BEGIN

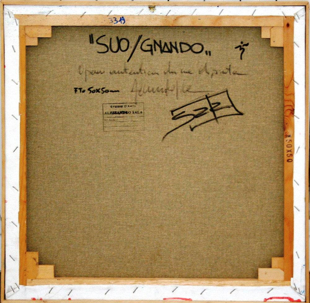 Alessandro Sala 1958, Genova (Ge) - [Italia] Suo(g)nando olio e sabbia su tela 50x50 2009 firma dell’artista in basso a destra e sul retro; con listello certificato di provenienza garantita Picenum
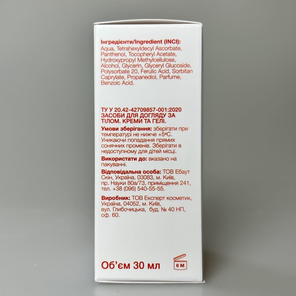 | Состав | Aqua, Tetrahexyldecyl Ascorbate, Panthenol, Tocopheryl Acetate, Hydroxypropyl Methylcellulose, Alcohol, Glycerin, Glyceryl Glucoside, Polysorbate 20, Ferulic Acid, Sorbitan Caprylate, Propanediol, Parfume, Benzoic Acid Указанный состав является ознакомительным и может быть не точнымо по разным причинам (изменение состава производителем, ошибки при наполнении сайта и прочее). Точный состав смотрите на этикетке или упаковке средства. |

END
BEGIN

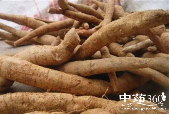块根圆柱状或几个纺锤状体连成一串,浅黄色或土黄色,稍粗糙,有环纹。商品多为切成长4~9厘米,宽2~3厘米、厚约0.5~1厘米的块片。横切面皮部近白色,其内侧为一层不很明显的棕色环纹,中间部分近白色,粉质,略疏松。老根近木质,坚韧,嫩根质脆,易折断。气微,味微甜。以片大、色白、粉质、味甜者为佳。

END
BEGIN

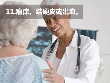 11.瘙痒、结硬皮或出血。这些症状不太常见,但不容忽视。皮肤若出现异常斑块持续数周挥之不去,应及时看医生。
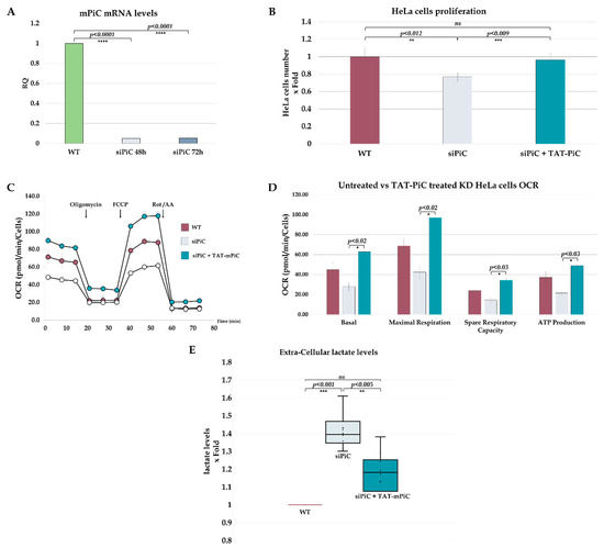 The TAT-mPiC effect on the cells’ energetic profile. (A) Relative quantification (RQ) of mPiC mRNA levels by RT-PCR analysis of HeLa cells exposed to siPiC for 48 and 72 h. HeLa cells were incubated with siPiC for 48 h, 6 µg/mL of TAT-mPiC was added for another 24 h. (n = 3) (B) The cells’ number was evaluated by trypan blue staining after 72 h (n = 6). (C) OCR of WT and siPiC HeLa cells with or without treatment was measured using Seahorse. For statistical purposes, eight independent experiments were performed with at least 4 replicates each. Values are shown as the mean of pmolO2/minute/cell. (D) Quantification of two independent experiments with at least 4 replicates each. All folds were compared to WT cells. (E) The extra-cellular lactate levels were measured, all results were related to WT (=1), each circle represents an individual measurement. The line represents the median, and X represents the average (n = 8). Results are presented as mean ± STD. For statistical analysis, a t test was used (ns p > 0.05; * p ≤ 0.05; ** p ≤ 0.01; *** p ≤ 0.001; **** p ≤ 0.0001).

END

A clean copy is needed of the lines above from the one with "Alessandro Sala 1958, Genova" up to and including the one with "упаковке средства. |". Please set it down exactly, with no pictures.

## [Final answer]
 Alessandro Sala 1958, Genova (Ge) - [Italia] Suo(g)nando olio e sabbia su tela 50x50 2009 firma dell’artista in basso a destra e sul retro; con listello certificato di provenienza garantita Picenum
 | Состав | Aqua, Tetrahexyldecyl Ascorbate, Panthenol, Tocopheryl Acetate, Hydroxypropyl Methylcellulose, Alcohol, Glycerin, Glyceryl Glucoside, Polysorbate 20, Ferulic Acid, Sorbitan Caprylate, Propanediol, Parfume, Benzoic Acid Указанный состав является ознакомительным и может быть не точнымо по разным причинам (изменение состава производителем, ошибки при наполнении сайта и прочее). Точный состав смотрите на этикетке или упаковке средства. |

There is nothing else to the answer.